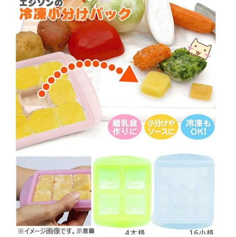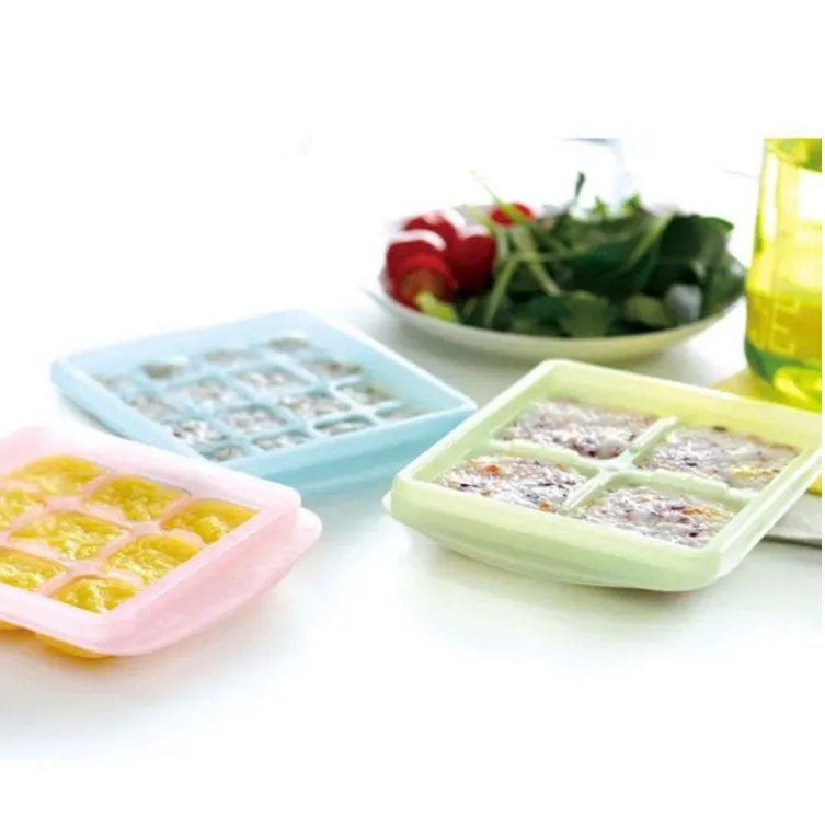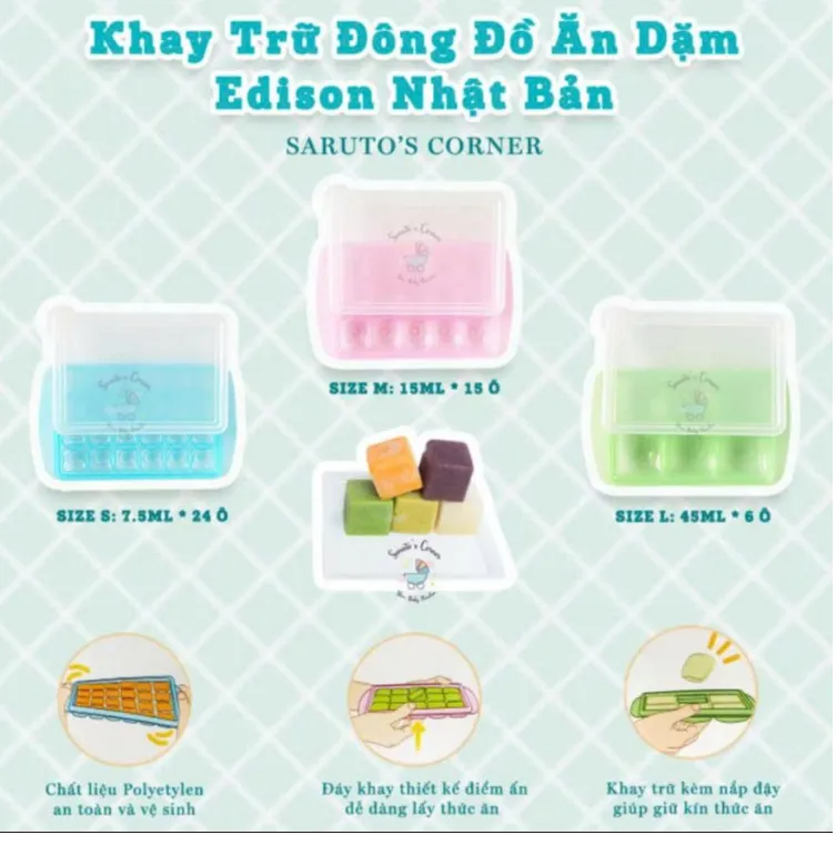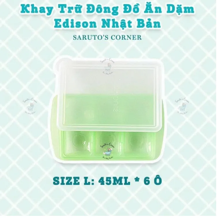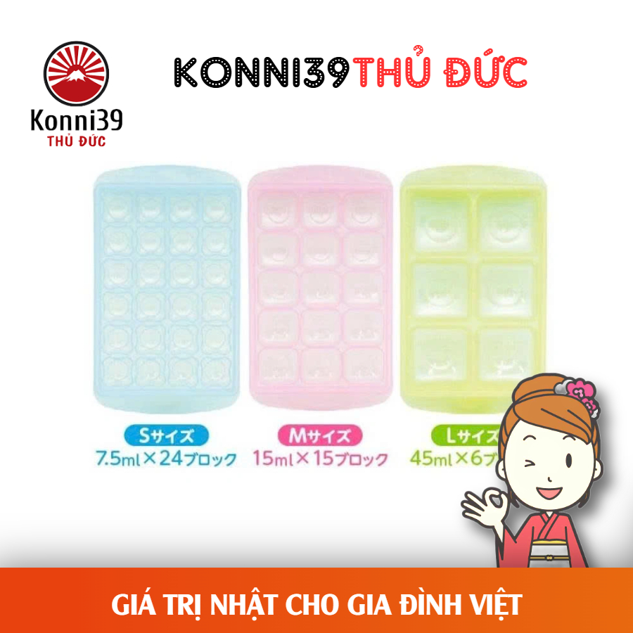 +Size L: 6 ngăn, mỗi ngăn 45ml. Trữ cháo, trái cây hoặc làm thạch, đậu hũ đều.
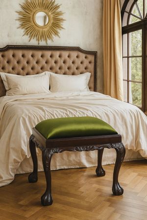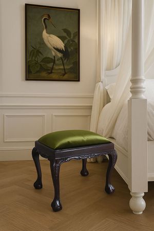 Die großzügige Sitzfläche ist mit grünem Samt bezogen, was den Hocker nicht nur pflegeleicht macht, sondern ihm zugleich eine elegante Note verleiht.
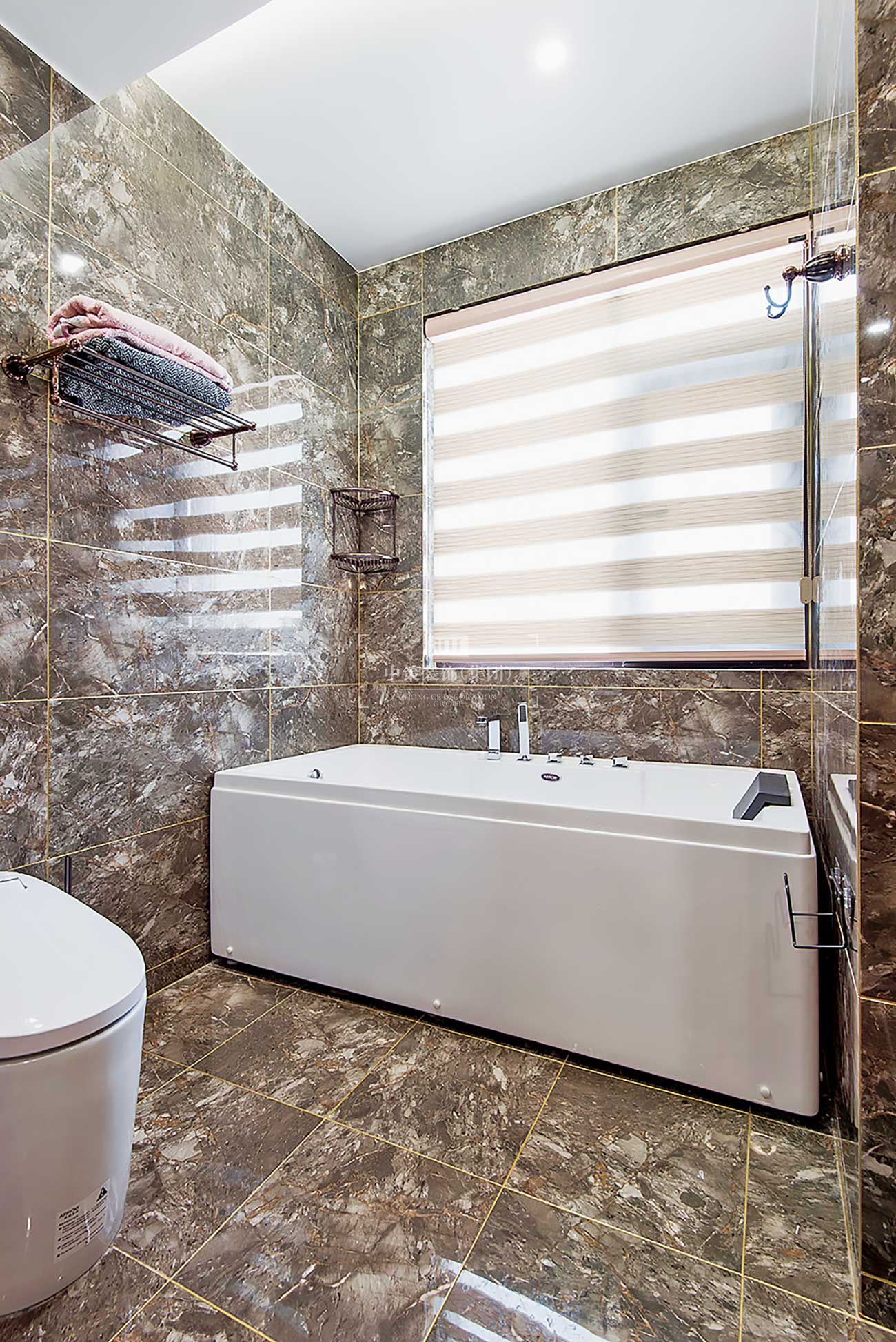 本案采用咖啡色的主色調,紋理清晰的地板,深色的家具,讓空間顯得沉穩而有氣質。
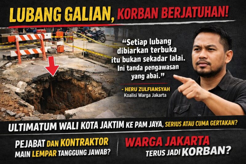 Koalisi Warga Jakarta mencatat, lubang galian sering dibiarkan terbuka tanpa pengamanan memadai, minim penerangan di malam hari, serta ditutup secara asal sehingga membahayakan pengguna jalan.
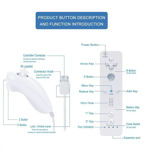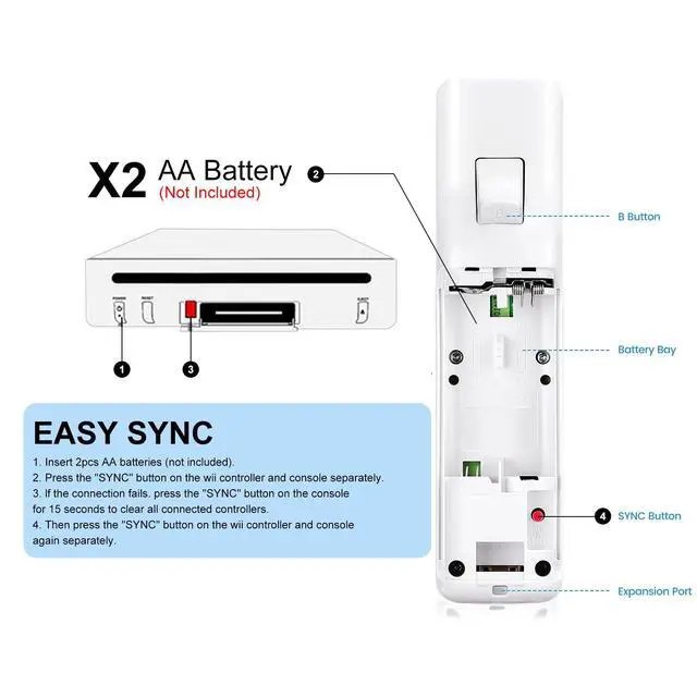 1. Insert 2pcs AA batteries. 2.Press the "SYNC" button on the wii controller and console separately. 3. If the connection fails, press the "SYNC" button on the console for 15 seconds to clear all connected controllers. 4. Then Repeat step 2
+---+
WHAT THIS TASK INVOLVES
With pictures omitted, restate word for word every line above from the one containing "Koalisi Warga Jakarta" to the end of the entries.

ANSWER FOR THIS EXERCISE
 Koalisi Warga Jakarta mencatat, lubang galian sering dibiarkan terbuka tanpa pengamanan memadai, minim penerangan di malam hari, serta ditutup secara asal sehingga membahayakan pengguna jalan.
 1. Insert 2pcs AA batteries. 2.Press the "SYNC" button on the wii controller and console separately. 3. If the connection fails, press the "SYNC" button on the console for 15 seconds to clear all connected controllers. 4. Then Repeat step 2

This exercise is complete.